● **Your task**:
Pull out every line from the line containing "The final speaker" through the end of the material, both ends included, and reproduce it exactly. Keep pictures out.

● **Dataset content**:
• • •
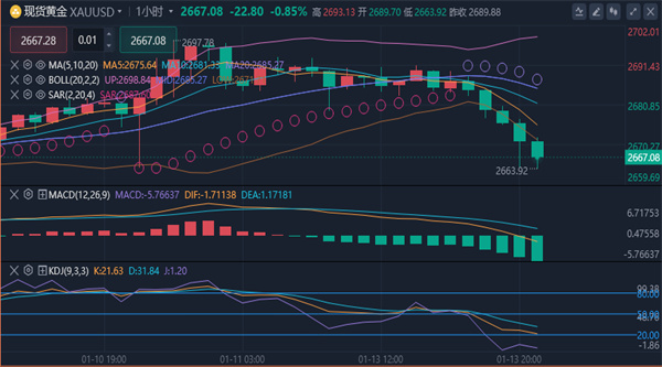 美元指数大幅上升的背景下,周一(1月13日)美市盘前,黄
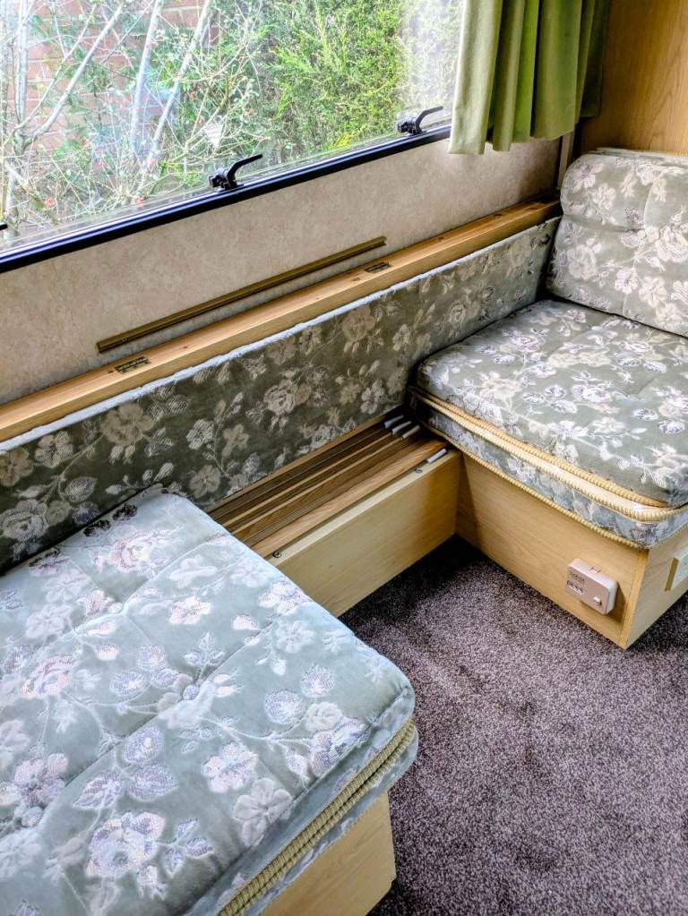 There are two smaller seats with clip-on small table that convert to two single bunk beds with surround curtain for privacy. Would suit a young family. We used it with small kiddies for the length of our ownership and it's been great.
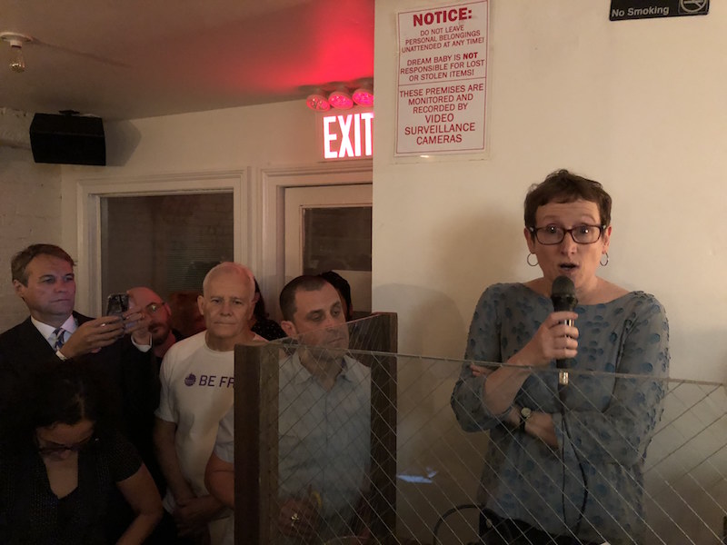 The final speaker of the night was Eisenbach. He is the founder of Friends of the SBJSA, which he classifies as a coalition supporting the bill, though when asked earlier this week, he declined to name members of the coalition. Eisenbach campaigned for NYC Public Advocate in 2017, losing to Tish James. Now that James will likely be vacating the role for the post of NY Attorney General, he is campaigning again, as the button on his lapel helpfully noted.
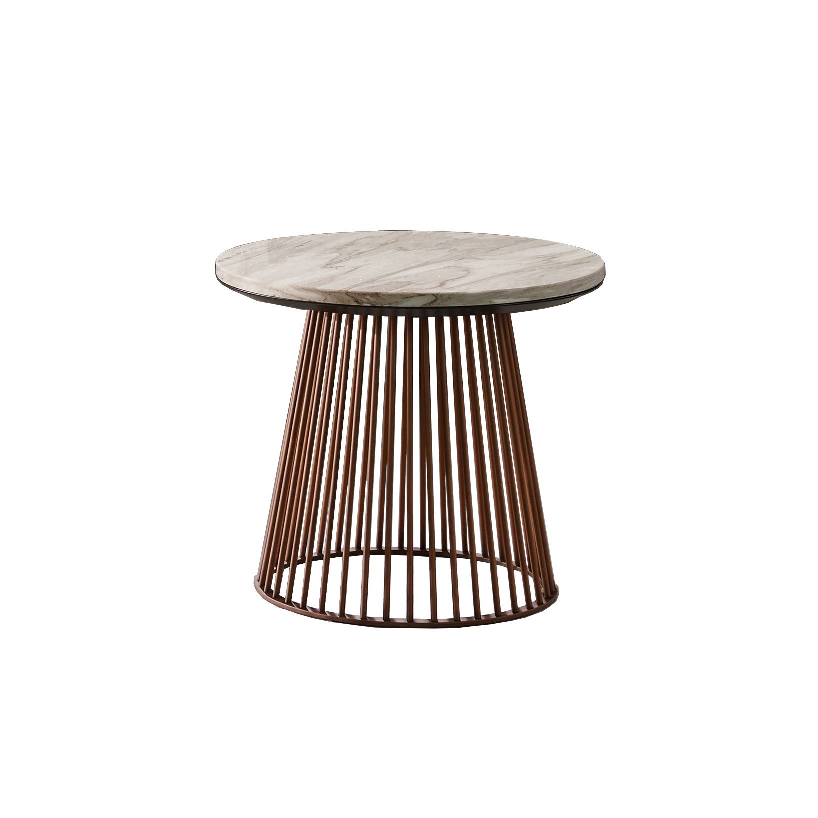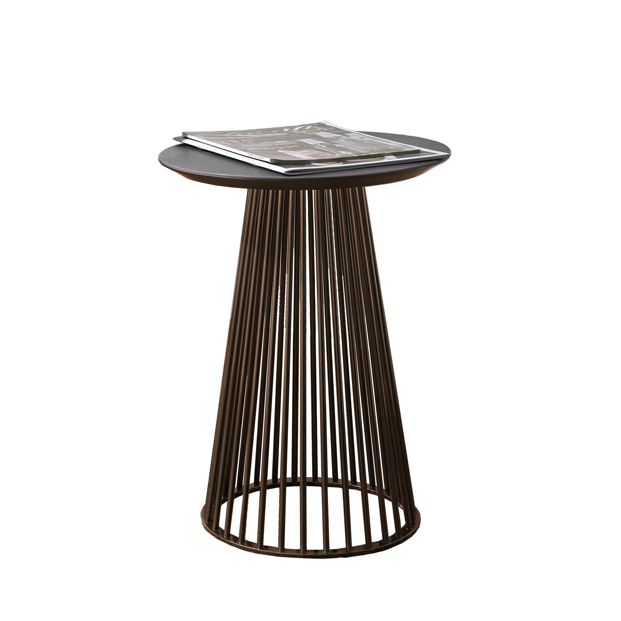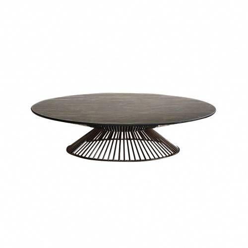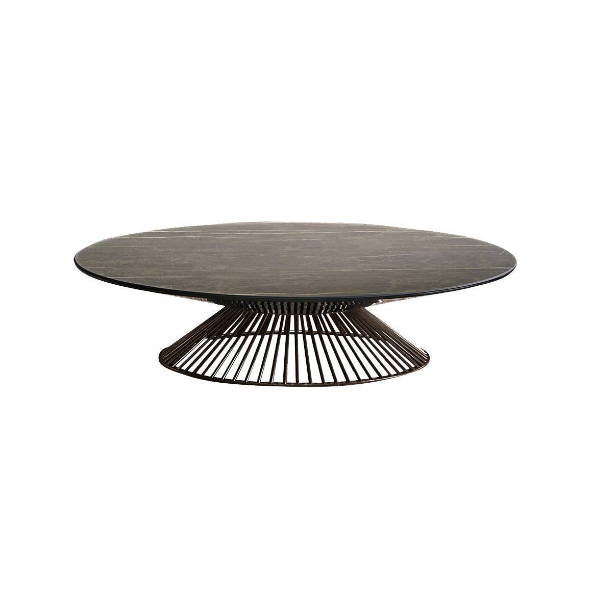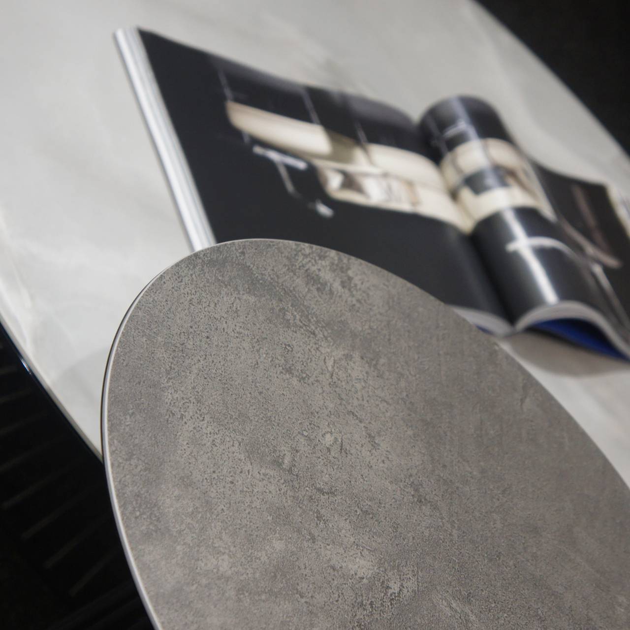 Круглый журнальный столик Gamma Arredamenti с керамической столешницей в отделке Limestone. В наличии также размер T16 (D50×H42 см) с чёрной керамической столешницей и T15 (D40×H50 см) с керамической столешницей в отделке отделке Ossido Bruno.
• • •
● **Completed task**:
 The final speaker of the night was Eisenbach. He is the founder of Friends of the SBJSA, which he classifies as a coalition supporting the bill, though when asked earlier this week, he declined to name members of the coalition. Eisenbach campaigned for NYC Public Advocate in 2017, losing to Tish James. Now that James will likely be vacating the role for the post of NY Attorney General, he is campaigning again, as the button on his lapel helpfully noted.
 Круглый журнальный столик Gamma Arredamenti с керамической столешницей в отделке Limestone. В наличии также размер T16 (D50×H42 см) с чёрной керамической столешницей и T15 (D40×H50 см) с керамической столешницей в отделке отделке Ossido Bruno.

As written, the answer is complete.